# Ready Fire Aim



## Lanason (Sep 1, 2009)

It seems a bit simplistic but if you are posting on a forum remember the following ideas

Ready Aim Fire - not Ready Fire Aim 
or even
Engage Brain before typing on keyboard 
or
have your second thoughts first 

then you won't need to back track faster than an Italian Tank

:boxing:


----------



## hurghadapat (Mar 26, 2010)

Lanason said:


> It seems a bit simplistic but if you are posting on a forum remember the following ideas
> 
> Ready Aim Fire - not Ready Fire Aim
> or even
> ...


You the new mod.....while Maiden taking a sabbatical...due to no leccy.


----------



## Lanason (Sep 1, 2009)

Someone in Egypt needs to be as we understand the culture !!!!

No offence IZZYWIZZYDIZZY :behindsofa:

OMG - I'm turning into a real rebel - :bolt:

Let start a "BRING BACK MAIDEN" campaign:cheer2::cheer2::cheer2::cheer2:


----------



## MaidenScotland (Jun 6, 2009)

I am at work so I have electric lol


----------



## Sonrisa (Sep 2, 2010)

Lanason said:


> Someone in Egypt needs to be as we understand the culture !!!!
> 
> No offence IZZYWIZZYDIZZY :behindsofa:
> 
> ...


Uh? I know nothing 

I must have missed somthing 

what is this about?:confused2:


----------



## Lanason (Sep 1, 2009)

Sonrisa said:


> Uh?
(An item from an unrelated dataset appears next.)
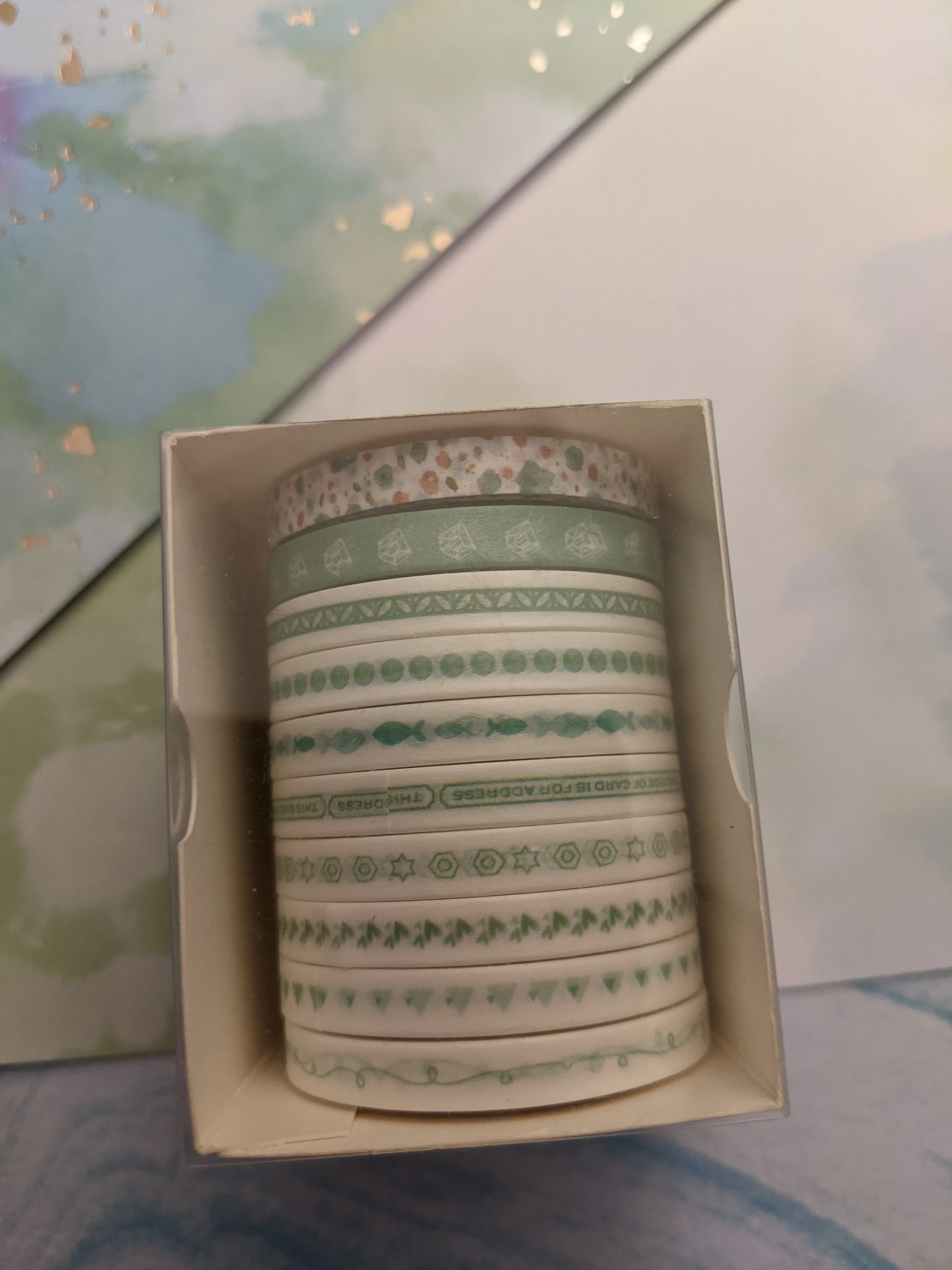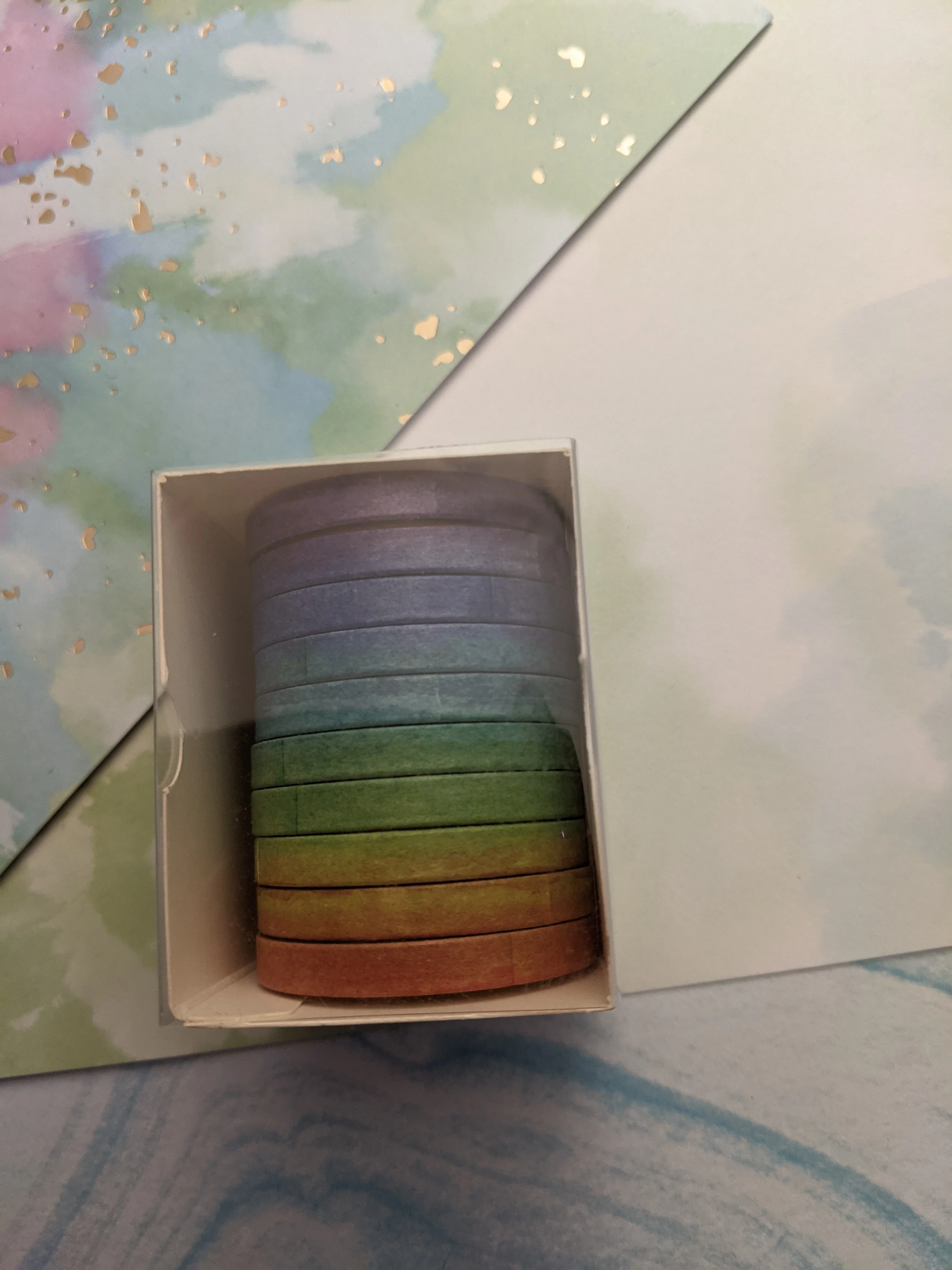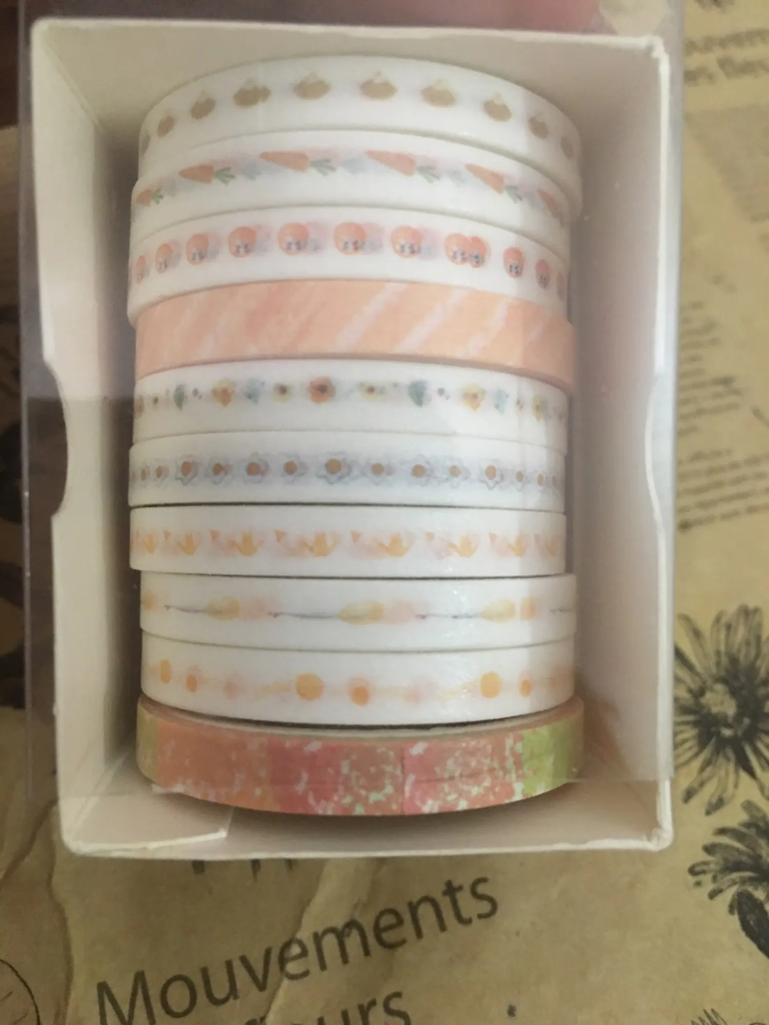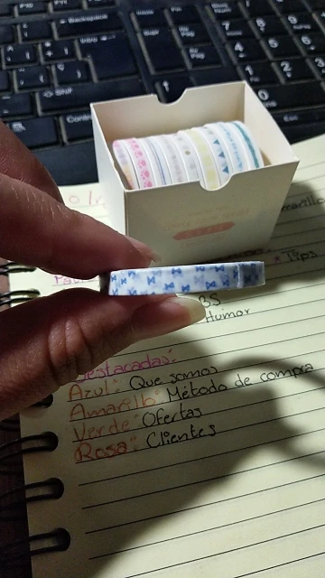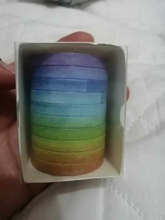 tal y como aparece en la foto, buena calidad, rápido envío, buen empaque, llegó todo muy seguro y bien protegido, compré muchos productos en esta tienda u llegaron todos juntos bien embalados en poco tiempo a Chile. Recomiendo absolutamente al vendedor y compraré más productos en el futuro sin duda, muy confiable y bellos productos para bullet journal.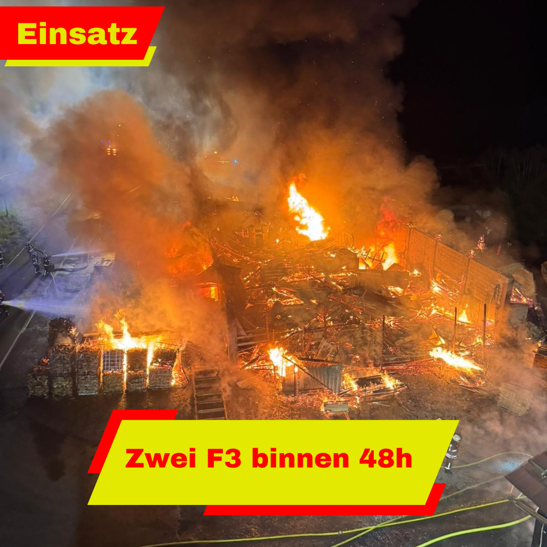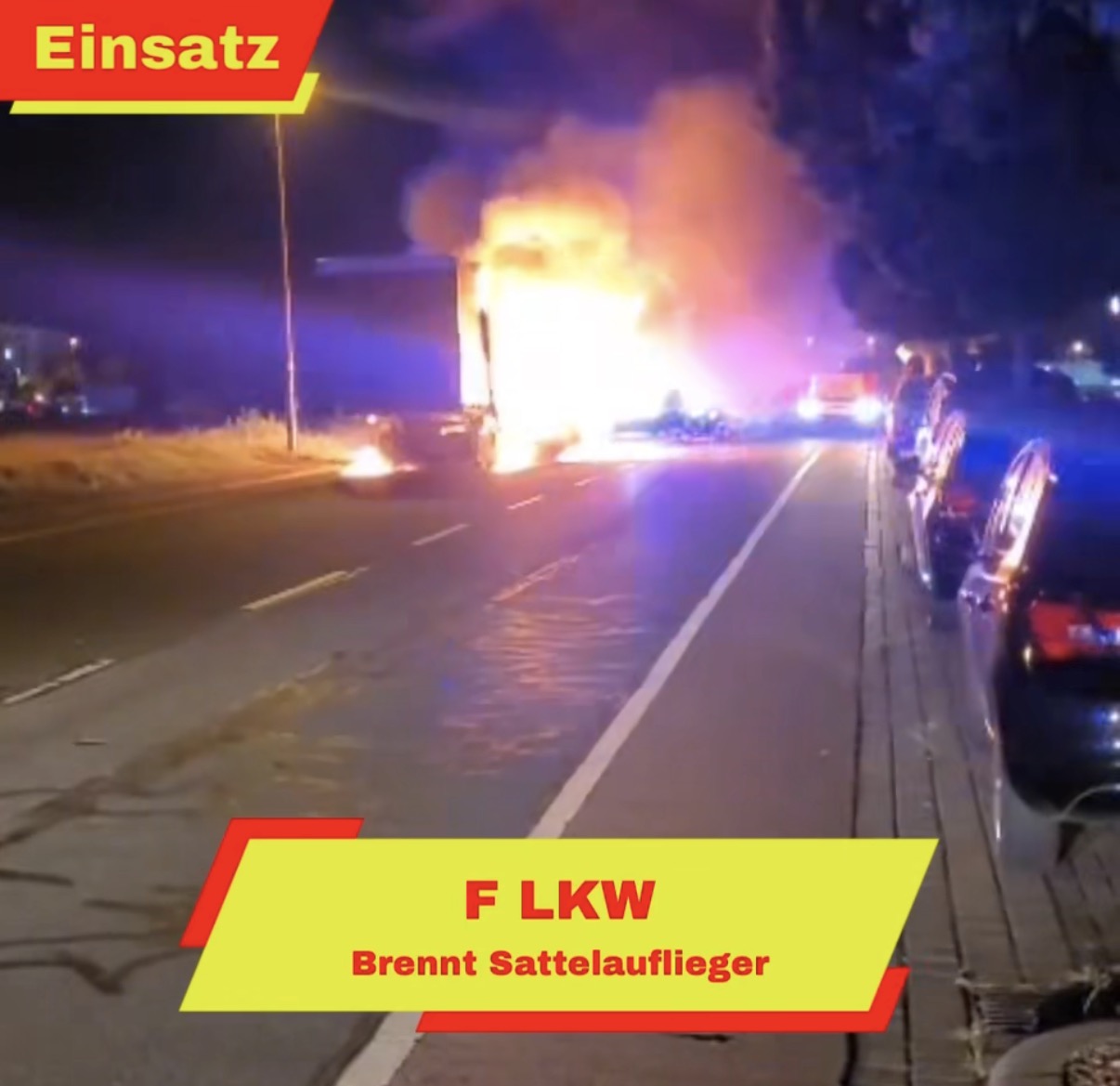 Ein brennender Sattelauflieger sorgte am Mittwochabend für einen herausfordernden Einsatz. Dank des schnellen und abgestimmten Vorgehens aller Feuerwehren konnte ein Übergreifen der Flammen verhindert werden – es war bereits der sechste Einsatz an diesem Tag für unsere Kräfte.

I know nothing
> 
> I must have missed somthing
> 
> what is this about?:confused2:


well 

err cant say but the original poster decided they didn't want it and asked for it to be deleted.
MMID


----------



## saafend (Dec 21, 2010)

Lanason said:


> It seems a bit simplistic but if you are posting on a forum remember the following ideas
> 
> Ready Aim Fire - not Ready Fire Aim
> or even
> ...


Tell me about it, the amount of people that type before they think on this forum is unreal. Honestly, i wonder if half of them have ever even visited.

Saaf


----------



## Lanason (Sep 1, 2009)

Dear Southend 

Most people do think, a few don't. I think you fall into the latter category

Sent from my iPhone using ExpatForum


----------



## saafend (Dec 21, 2010)

Lanason said:


> Dear Southend
> 
> Most people do think, a few don't. I think you fall into the latter category
> 
> Sent from my iPhone using ExpatForum


Dear Surrey

I do think though. I think you watch to much Eastenders and their rudeness is rubbing off.

Saaf


----------